The two ends working together
Understanding both ends of the conductivity scale helps you choose materials deliberately: low-conductivity metals to block heat where it shouldn’t go, copper to spread heat where it must be removed. A well-designed product often uses both — copper to carry heat off a chip, and a stainless or titanium element to keep that heat from reaching something sensitive.
Thermal design where it counts
On a board running hot, copper weight, thermal via placement, and substrate choice matter far more than the chassis metal. Highleap Electronics builds standard FR-4, heavy-copper, high-Tg, and metal-core (aluminum/copper) boards, and can advise on copper weight, via strategy, and stackup during a free DFM review.
Choosing a metal by thermal goal
Reduce the whole topic to the question you are actually trying to answer.
If your goal is to block heat
Reach for stainless steel or titanium for real parts — they combine low conductivity with structural strength. Bismuth and manganese score lower but are rarely usable as load-bearing components. Do not reach for lead; the myth that it is a poor conductor is false.
If your goal is to move heat
Reach for copper, or aluminum where weight and cost matter more than ultimate performance. Silver is marginally better than copper but rarely justifies its price outside specialized contacts and coatings.
Discuss a thermal-critical board →
Frequently asked questions
What metal has the lowest thermal conductivity?
Among pure metals, manganese (~7.8 W/(m·K)), with bismuth a close second (~8). Radioactive plutonium and neptunium are lower still but not practical materials.
Is lead the worst heat-conducting metal?
No — that is a common myth. At ~35 W/(m·K), lead conducts several times better than manganese, bismuth, stainless steel, or titanium.
What is the lowest-conductivity metal I can actually build with?
Bismuth among pure metals you might handle; stainless steel or titanium among everyday structural metals strong enough for real parts.
Which metal conducts heat best?
Silver (~430 W/(m·K)), with copper close behind (~400) — the reason copper dominates electronics heat management.
Why do alloys conduct less heat than pure metals?

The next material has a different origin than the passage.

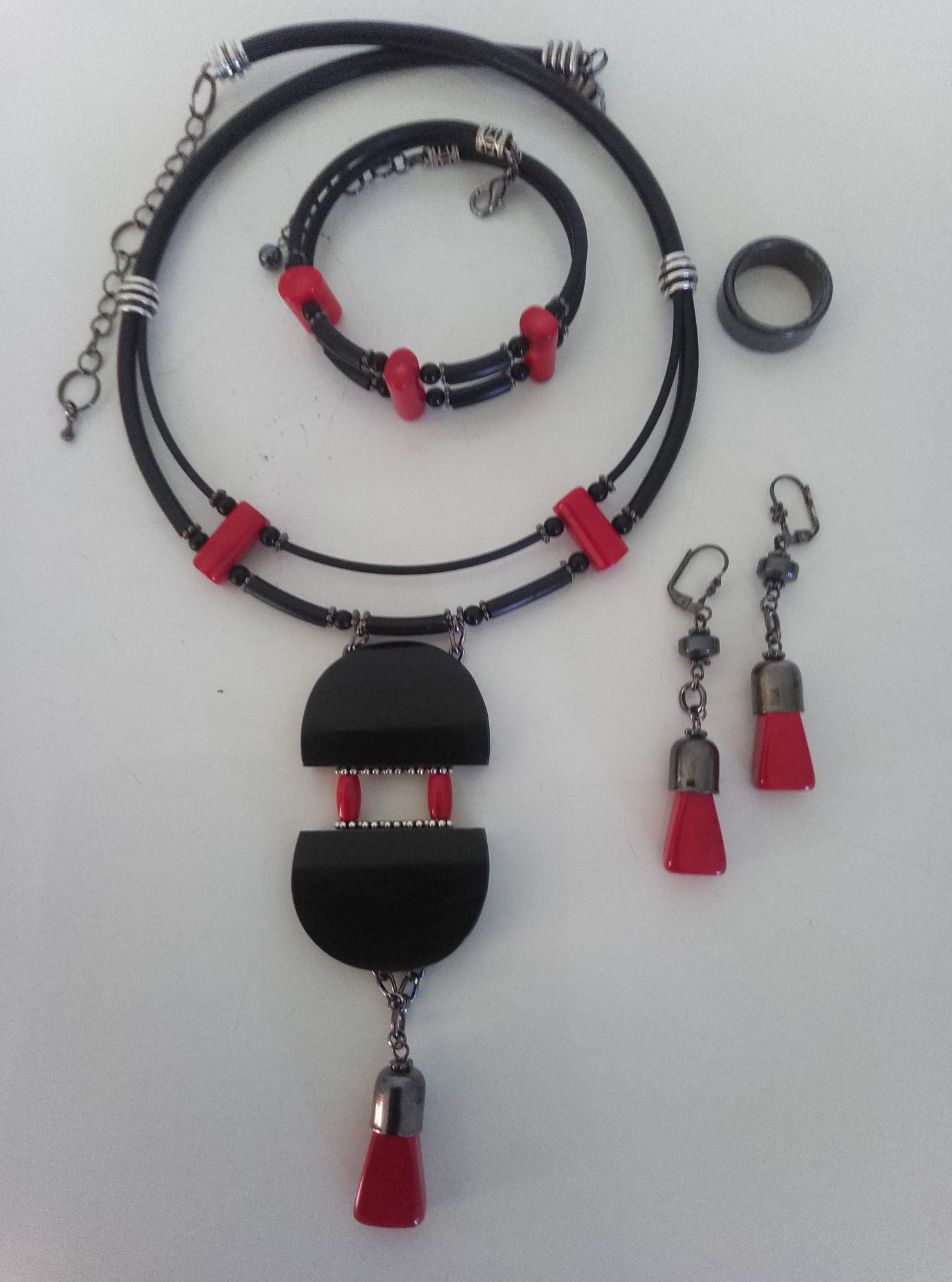 Комплект включає подвійний чокер з підвіскою 40х120 мм, подвійний браслет з подовжувачем, сережки 70 мм з застібкою-левербек, каблучку з цілісного гематиту розмір 18-19. Матеріал – ріг буйвола, корал природний 18х8 мм та 10х5 мм, корал пресований 20х12 мм, гематит 6 мм та 4 мм діаметром, диски 8 мм, агат 4 мм, метал, шнур ПВХ порожнистий. Фурнітура – сплав ювелірний сріблястого та чорного кольору.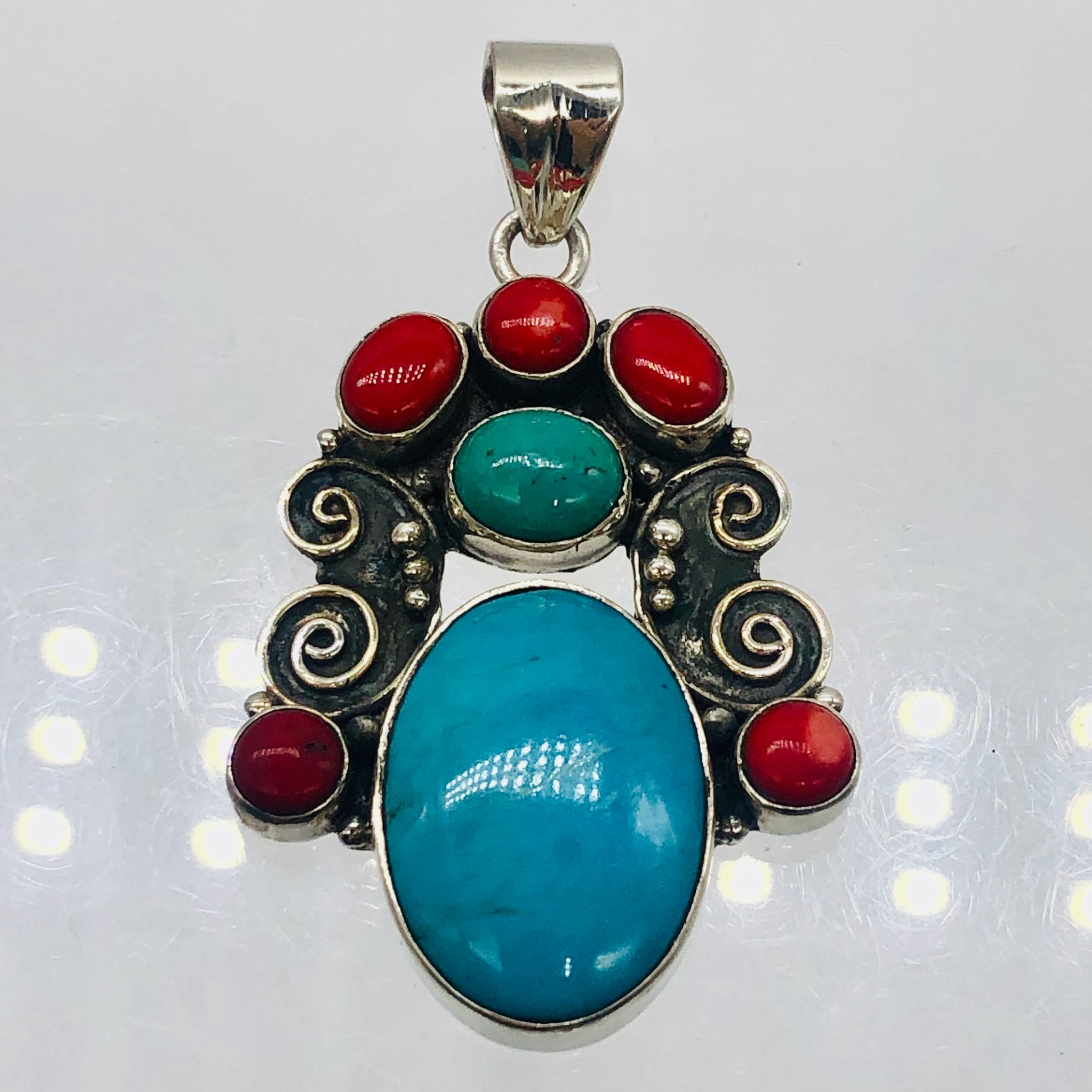 Material Type: Turquoise Coral Native American Sterling Silver Pendant

Added atoms scatter the free electrons that carry heat. Pure iron is ~80 W/(m·K); stainless steel drops to ~15–17 once alloyed with chromium and nickel.
Why is bismuth such a poor conductor despite being a heavy metal?
Bismuth is a semimetal with very few charge carriers and an electronic structure that strongly impedes electron flow, lowering both its electrical and thermal conductivity. Weight and density don’t predict conductivity.
Does low thermal conductivity mean low electrical conductivity too?
In metals, usually yes — both rely on free electrons, so a metal that conducts heat poorly tends to conduct electricity poorly as well, per the Wiedemann-Franz relationship.